Tina rolled her eyes, thinking that she had been right about Bette’s reaction. ”Whatever. Forget about it.”
”No, it’s fine. Post it if you want.”
Tina shook her head. ”I’ve changed my mind, so I don’t want to post anything anymore.”
Bette let out a sigh. ”Tee, I have to work. See you soon, okay?”
”Yep. Bye,” Tina said and hung up.
Closing her laptop, Tina walked over to the sink and put the empty cup and plate into it. While she was washing dishes, she regretted asking Bette’s opinion. No matter how childish it was, she felt annoyed by Bette’s reaction, even though she had always known that her and Bette’s attitude to privacy were different. Bette just wasn’t the person to enjoy attention of other people or go around and flaunt herself, whereas Tina had no strong feelings about sharing some aspects of her life with friends.

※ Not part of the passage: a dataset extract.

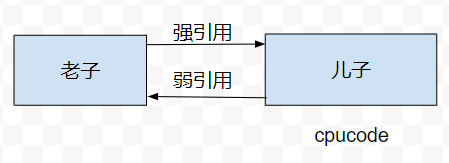 在“父-子”关系中, “父”对象通过强引用计数来引用“子”对象; “子”对象通过弱引用计数来引用“父”对象。

Shaking off her irritation, Tina concluded that Bette was right – there was no reason to post a photo of them together on social media, because their relationship was nobody’s business, especially given the fact how prying and gossipy some women around the community could get.
As Tina was wiping her hands with a towel, there came a knock on the door. Wondering who might it be to show up uninvited, Tina scurried across the living room to the front door. When she opened it, she came face to face with four unfamiliar men standing on her porch.
”Good day, Ms. Kennard. My name is Franklin Phillips. I’m a supervising parole officer for the United States District Court at Los Angeles,” a chubby, gray-haired man said, flashing his ID.